As the disaster in the Gulf of Mexico has amply demonstrated, growing global energy demand and the anticipated restricted availability of some conventional fossil fuels pose an escalating threat to the security of energy supply for global businesses. Sustainable Energy Security: Strategic Risks and Opportunities for Business, produced jointly by Chatham House and Lloyd's, reveals multiple vulnerabilities in our current energy system and urges both business strategists and government policy-makers to take into account a range of encroaching risks and be bold in making plans for a more resilient and low carbon energy future.
In light of the lack of recent investment in upstream oil and the higher cost of extracting oil from difficult environments - such as deep offshore fields - an oil supply crunch in which businesses and consumers alike are hit by higher prices at the pump looms large. While some dismiss the warnings of impending oil crunch and a global conventional energy deficit as alarmist and point to past predictions of resource constraints failing to materialise, growth in the demand for energy in developing countries is key and indisputable. This growth is a result of the outsourcing of manufacturing from OECD countries and rapid economic development and domestic consumption. This is both unstoppable and taking place at an unprecedented pace.
Independently of concerns over security of supply, climate change is simultaneously unleashing a wave of policy initiatives and investments around the world that will revolutionize the way that we manage and use energy. Ensuring that policy and technology changes are introduced that address both energy, climate and environmental security issues will be vital in a smooth transition to a sustainable energy sector.

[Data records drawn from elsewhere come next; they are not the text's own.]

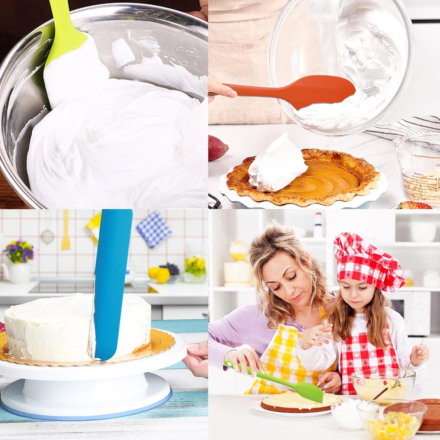 【Food Grade Safe Material】This silicone spatulas set made in 100% food grade silicone material and BPA free which is never release any harmful elements. Non-toxic, lead free Odourless. Make your cooking always safe and healthy.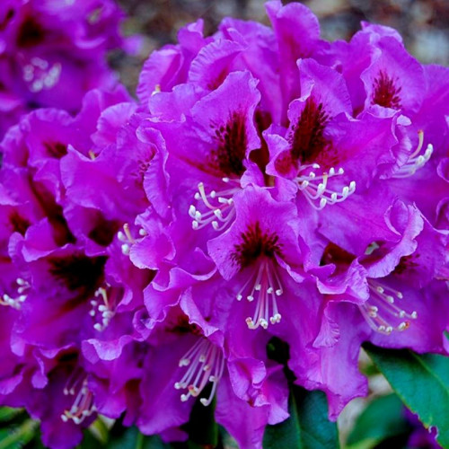 Рододендрон «Распутин» (Rhododendron 'Rasputin') – популярный вечнозеленый сорт рододендрона, который высоко ценится за крупные эффектные соцветия и насыщенную окраску цветков. Это мощный кустарник, достигающий во взрослом состоянии высоты 1,2 м при диаметре кроны 1,5-1,8 м, образующий раскидистую, подушковидную форму. Листья кожистые, эллиптические, темно-зеленые, длиной 12-15 см. Цветки крупные (диаметром 7-8 см), воронкообразные, насыщенного пурпурно-фиолетового цвета с оливково-зеленым крапом на верхнем лепестке, собраны в плотные шаровидные соцветия по 12-15 цветков.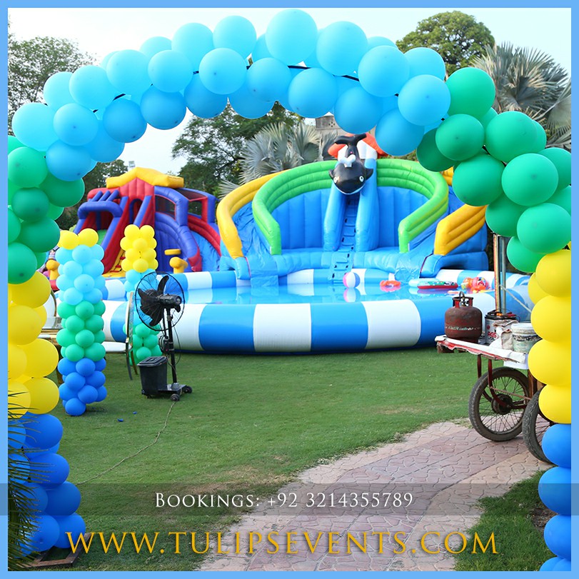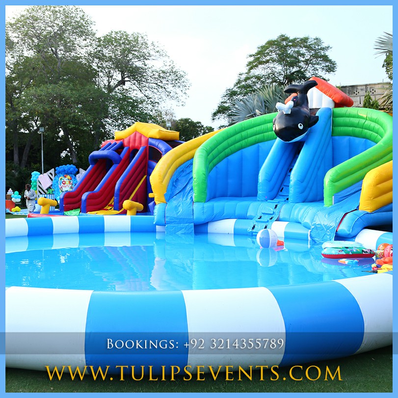 Plan the ultimate pool party with the Best Pool Party Planner in Lahore! From summer theme decor to pool slide rentals, games & jumping castles for kids!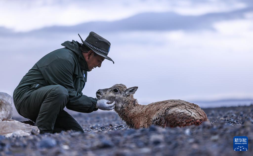 羌塘國家級(jí)自然保護(hù)區(qū)的野保員在安撫受傷的母藏羚羊(6月14日攝)。新華社發(fā)(旦增攝)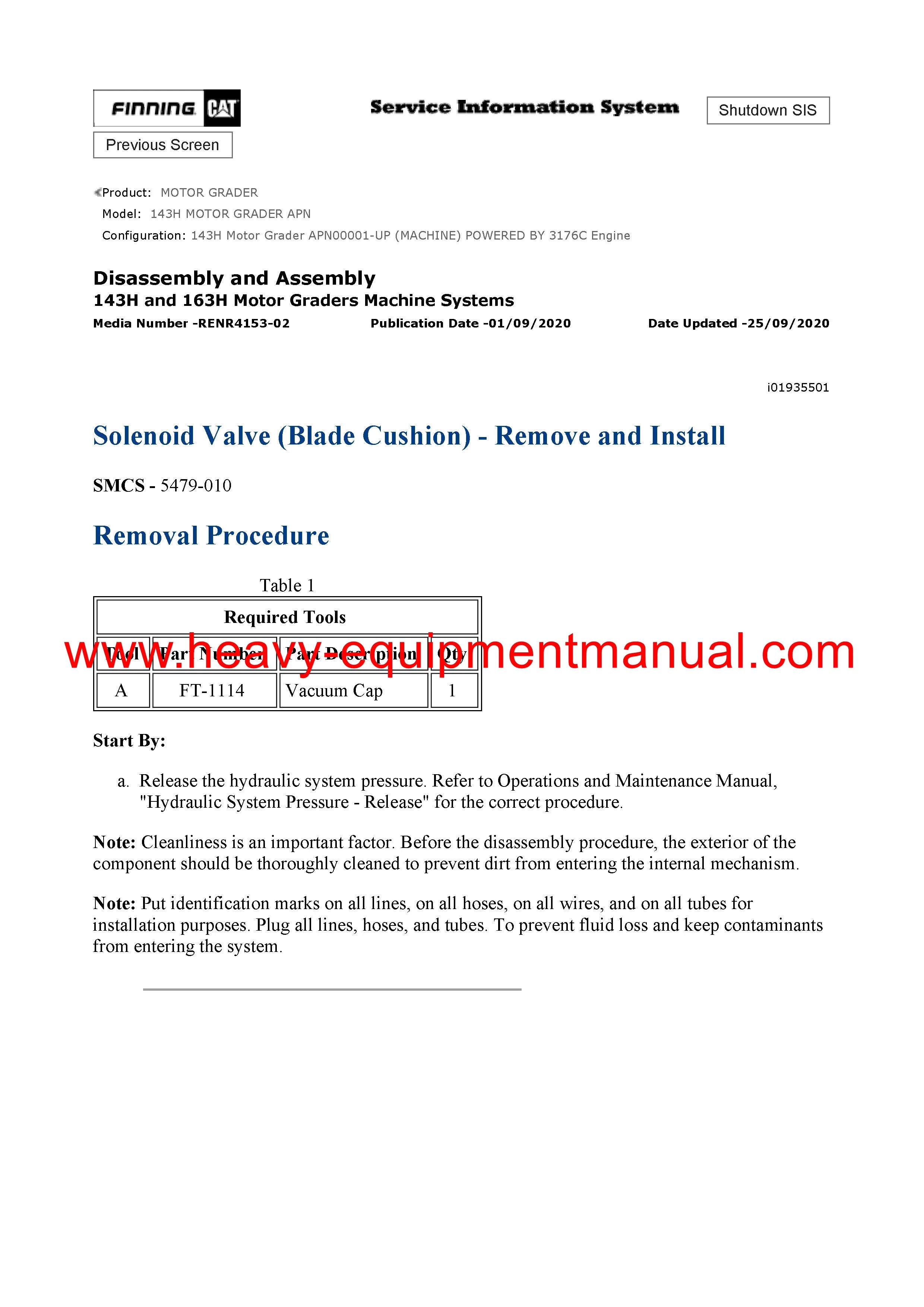 Caterpillar 140H MOTOR GRADER Disassembly and Assembly Manual

Both governments and businesses need to think differently about energy security. It is no longer just a case of securing access to foreign resources at the right price, upgrading old infrastructure or paying the bills on time but will involve actually changing practices, technology, regulation and most likely expectations. For some this will mean a lot more than changing the light-bulbs; it could involve tough decisions about switching suppliers, investing in alternative generation or even divesting from certain businesses. Not only that but the new energy systems that we install and the institutions we set up to manage them have to take into account a different range of vulnerabilities including climate volatility, pressure on scarce sources and exposure to cyber attack.
These changes will not be easy and will take time. However, just like the attempts to stem the oil from the Deepwater Horizon rig; the longer they are left the more difficult it will be to clean up the mess.